• [Problem requirements]
A faithful transcript of every entry is required; pictures do not belong in it.

=== Section Start ===

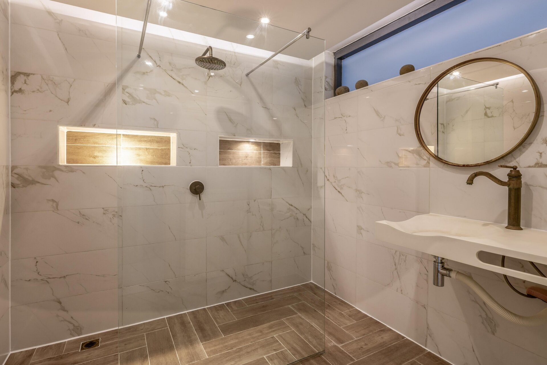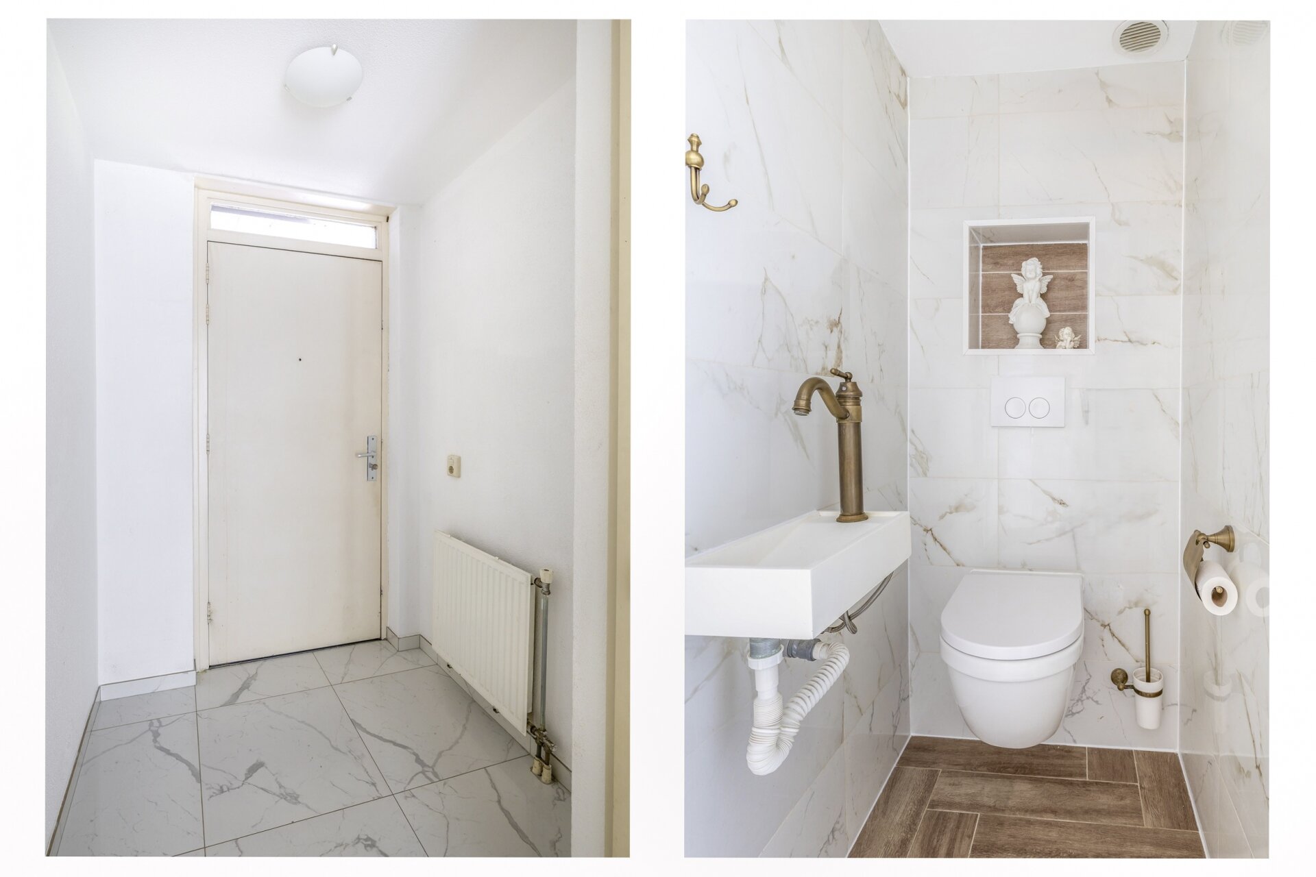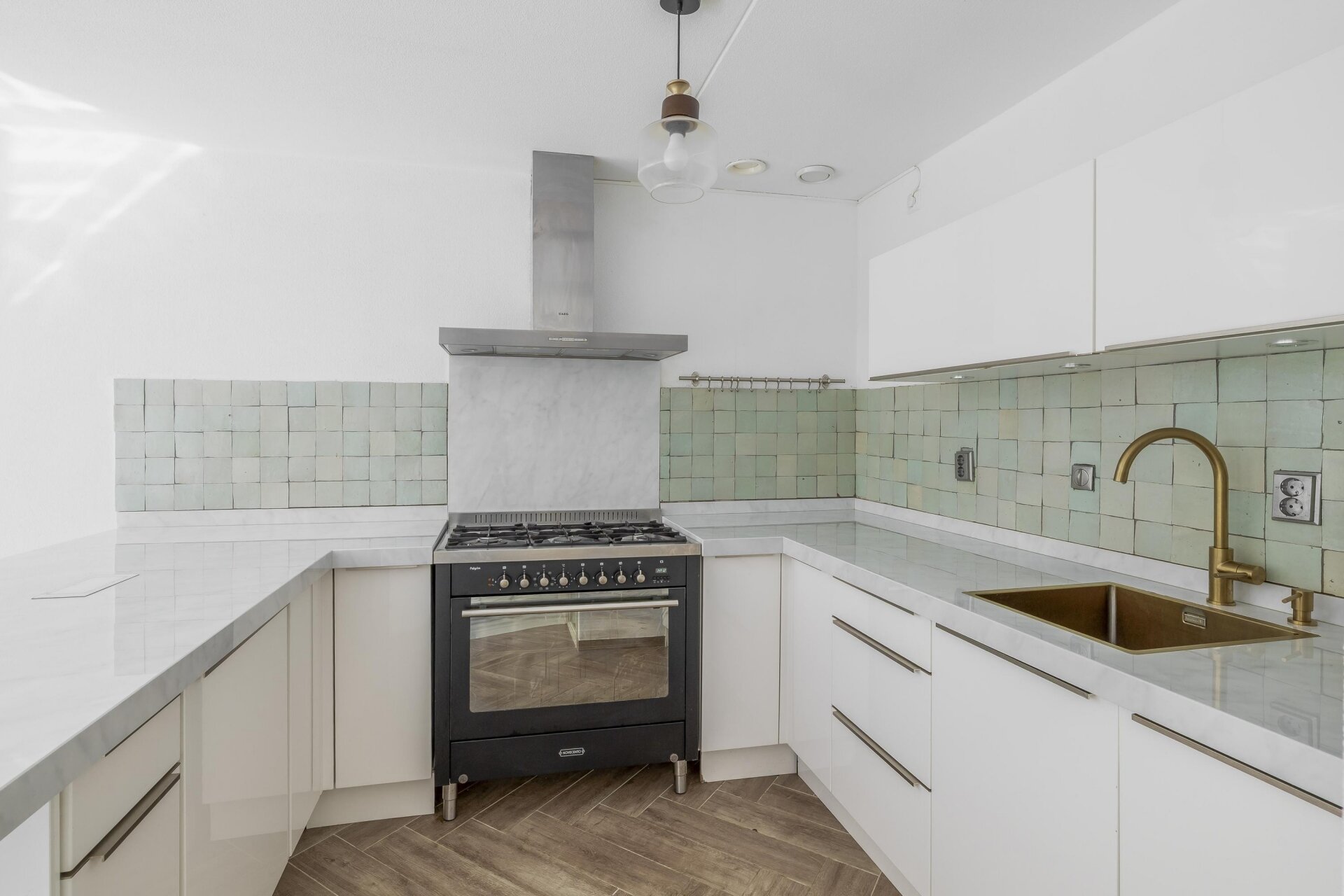De open keuken is een blikvanger in deze woning. Gemaakt op maat en voorzien van een marmer werkblad, 6-pits fornuis, RVS recirculatiekap, vaatwasser en koelkast: een keuken waar koken echt een feestje wordt. Of je nu alleen woont of graag gasten over de vloer hebt, deze keuken sluit naadloos aan op je wensen. De praktische indeling en afwerking in wit maken het geheel tijdloos en strak.
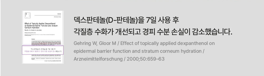 *After using Dexpantenol for 7 days, stratum corneum hydration was improved and transdermal water loss was reduced.
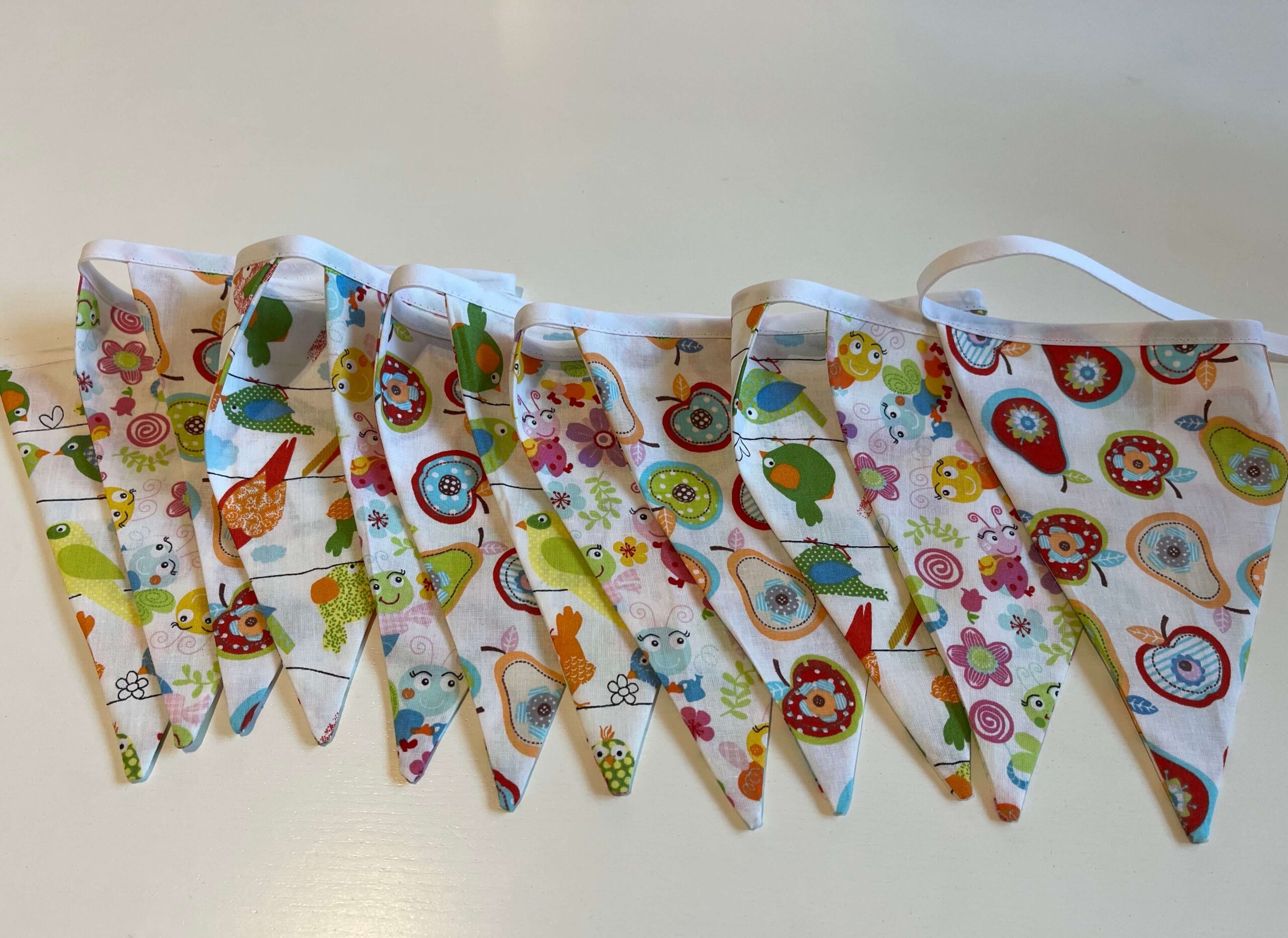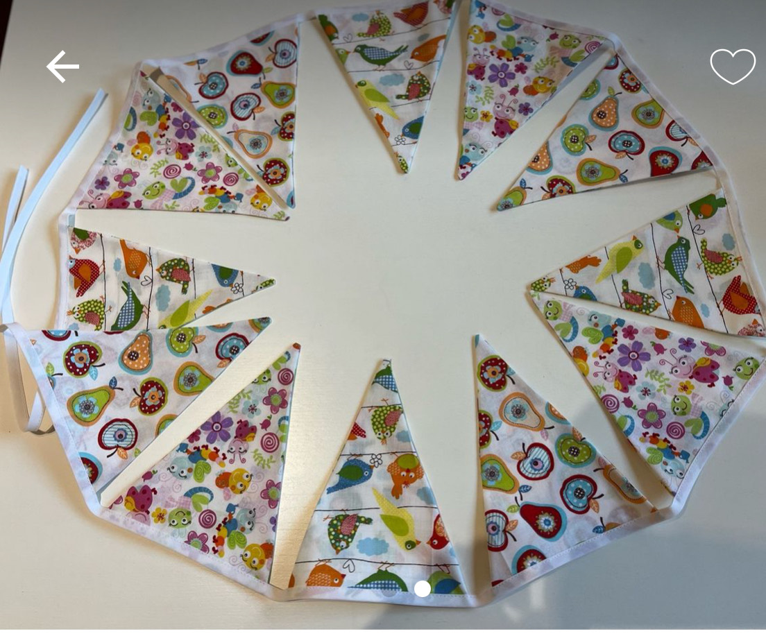 Puuvillasest kangast käsitööna valminud lõbus lipukett lastele. Lipuketis on kokku 12 lippu, suuruses 18 x 13 cm. Lipuketi kogupikkus on 2,5 m. Mõlemas otsas on 30 cm pael sidumiseks.
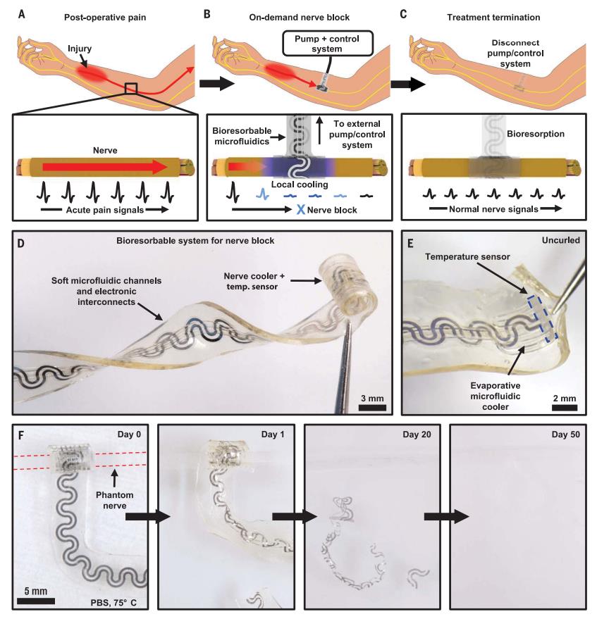 一款柔软的、可生物吸收的微流体装置能够在活体组织的任意深度通过实时温度反馈控制提供集中的、微创的冷却能力。水溶性、生物相容性材料的结构可导致溶解和生物再吸收,从而消除不必要的设备负荷和对患者造成的风险,而无需进行额外的手术。多周的体内试验证明了能够快速、精确地冷却周围神经,从而在大鼠模型中为神经性疼痛提供局部、按需镇痛。
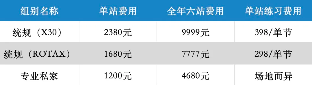 个人统规(X30 / ROTAX)报名费包含车辆、油料、轮胎等费用。不包含装备使用费、保险费。
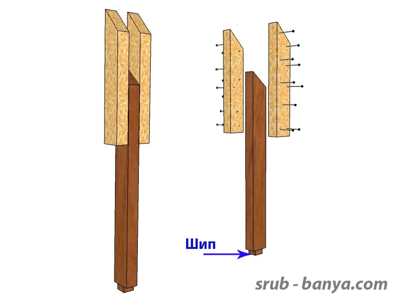 Сборка стойки. Прибиваем к стойке заранее заготовленные накладки. Для сборки применяем гвозди 100мм — «сотки». |
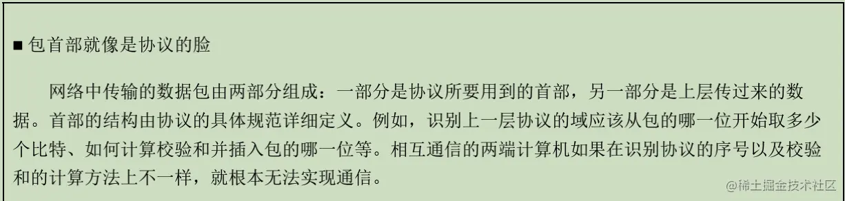 每个分层中,都会对所发送的数据附加一个首部,在这个首部中包含了该层必要的信息,如发送的目标地址以及协议相关信息。通常,为协议提供的信息为包首部,所要发送的内容为数据。

=== Section End ===

• [Output for this exercise]
De open keuken is een blikvanger in deze woning. Gemaakt op maat en voorzien van een marmer werkblad, 6-pits fornuis, RVS recirculatiekap, vaatwasser en koelkast: een keuken waar koken echt een feestje wordt. Of je nu alleen woont of graag gasten over de vloer hebt, deze keuken sluit naadloos aan op je wensen. De praktische indeling en afwerking in wit maken het geheel tijdloos en strak.
 *After using Dexpantenol for 7 days, stratum corneum hydration was improved and transdermal water loss was reduced.
 Puuvillasest kangast käsitööna valminud lõbus lipukett lastele. Lipuketis on kokku 12 lippu, suuruses 18 x 13 cm. Lipuketi kogupikkus on 2,5 m. Mõlemas otsas on 30 cm pael sidumiseks.
 一款柔软的、可生物吸收的微流体装置能够在活体组织的任意深度通过实时温度反馈控制提供集中的、微创的冷却能力。水溶性、生物相容性材料的结构可导致溶解和生物再吸收,从而消除不必要的设备负荷和对患者造成的风险,而无需进行额外的手术。多周的体内试验证明了能够快速、精确地冷却周围神经,从而在大鼠模型中为神经性疼痛提供局部、按需镇痛。
 个人统规(X30 / ROTAX)报名费包含车辆、油料、轮胎等费用。不包含装备使用费、保险费。
 Сборка стойки. Прибиваем к стойке заранее заготовленные накладки. Для сборки применяем гвозди 100мм — «сотки». |
 每个分层中,都会对所发送的数据附加一个首部,在这个首部中包含了该层必要的信息,如发送的目标地址以及协议相关信息。通常,为协议提供的信息为包首部,所要发送的内容为数据。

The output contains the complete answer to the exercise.